AUSTRALIANS spend roughly $1 billion dollars on speeding fines in a single year, Wheels has calculated.
Derived from state-by-state figures, the headline number indicates the current focus on speeding from road safety experts and police is generating plenty of cash for the state governments, and the tally is set to grow.
Victoria remains the most heavily-fined state, with over $350 million poured into the state’s coffers during the 2015-16 financial year.
The $356,469,497 in revenue was collected by Victoria’s network of fixed speed and red-light cameras alone, meaning fines collected by police with radar guns and mobile units are not included.
Queenslanders are next on the list, with almost a quarter of a billion dollars being collected from the state’s motorists.

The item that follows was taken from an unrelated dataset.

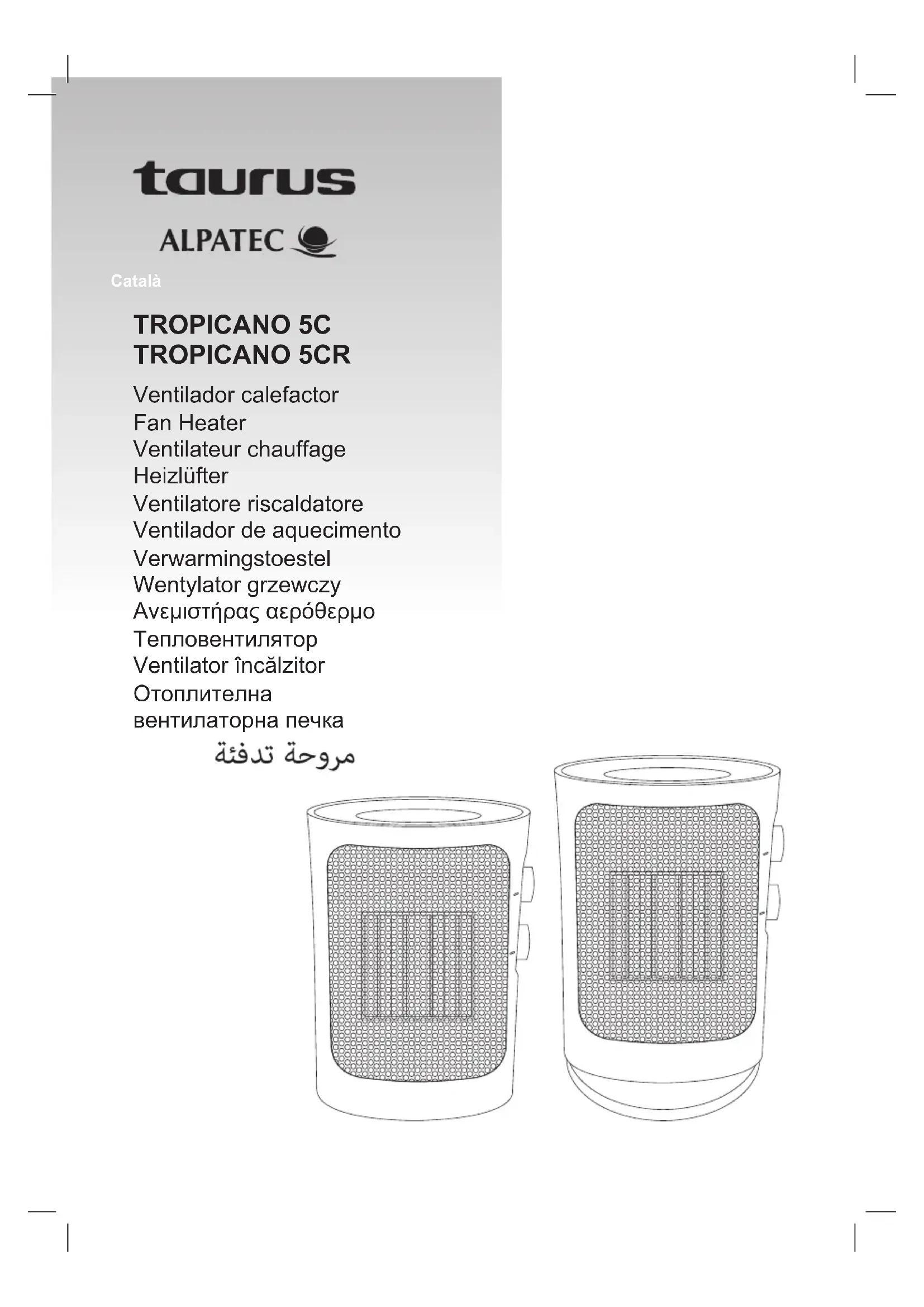 température de la pièce Non Contrôle à deux ou plusieurs paliers manuels, pas de contrôle de la température de la pièce Non Contrôle de la température de la pièce avec thermostat mécanique Oui Contrôle électronique de la température de la pièce Non Contrôle électronique de la température de la pièce et program- mateur journalier Non Contrôle électronique de la température de la pièce et program- mateur hebdomadaire Non Autres options de contrôle Contrôle de la température de la pièce, avec détecteur de présence Non Contrôle de la température de la pièce, avec détecteur de fenêtre ouverte Non Option contrôle à distance Non Contrôle adaptatif de l'activation Non Limitation de la durée d'activation Non Capteur à globe noir Non Coordonnées de contact "ELECTRODOMÉSTICOS TAURUS, S.L. Avda. Barcelona S/N 25790 Oliana, Lleida, Spain”Deutsch Heizlüfter Tropicano 5C / Tropicano 5CR Sehr geehrte Kunden, Wir danken Ihnen für Ihre Entscheidung, ein TAURUS Gerät zu kaufen. Technologie, Design und Funktionalität dieses Gerätes, in Kombination mit der Erfüllung der strengsten Qualitätsnormen, werden Ihnen lange Zeit viel Freude bereiten. BESCHREIBUNG A Funktionsund Gebläseschalter B Temperatur-Drehschalter C Transportgriff Lesen Sie die Gebrauchsanweisung sorgfältig durch, bevor Sie das Gerät einschalten, und bewahren Sie diese zum Nachschlagen zu einem späteren Zeitpunkt auf. Die Nichtbeachtung dieser Gebrauchsanweisungen kann Unfälle zur Folge haben. SICHERHEITSEMPFEHLUN-

The Courier Mail reports that $225,965,591 was raked in by police in 2015, an increase of $15 million (or 80,000 fines) in a single calendar year.
Meanwhile Australia’s most populous state, New South Wales, was third on the list, with over $175 million being raised in fines during the 2015-16 financial year.
Police issued $75,201,927 of those fines during traffic stops, while fixed speeding cameras collected an extra $103,394,365 from the state’s drivers.
South Australia wasn’t far behind though, with a report from the Australia Institute stating $174 million in revenue was raised during the 2014-15 financial year, equating to an average of $103 per person that was nabbed.
In Western Australia, revenue from speeding and red-light fines is channelled into the Road Trauma Trust Fund, which uses that money to improve driver safety.
The Sydney Morning Herald reports just under $110 million was raised by speeding fines in WA during the 2015-16 financial year.
As Australia’s smallest state, Tasmania sits at the bottom of the list. Justice Department figures quoted by The Advocate newspaper show just $950,499 was collected in revenue from all speed camera infringements in 2015.
On a per-capita basis, South Australian drivers were the worst hit.
Using 2016 population stats, SA residents paid on average over $100 each in fines per year. Next was Victoria with an average of $58 in fines per person, ahead of Queensland ($46), Western Australia ($41), New South Wales ($22), and Tasmania ($2).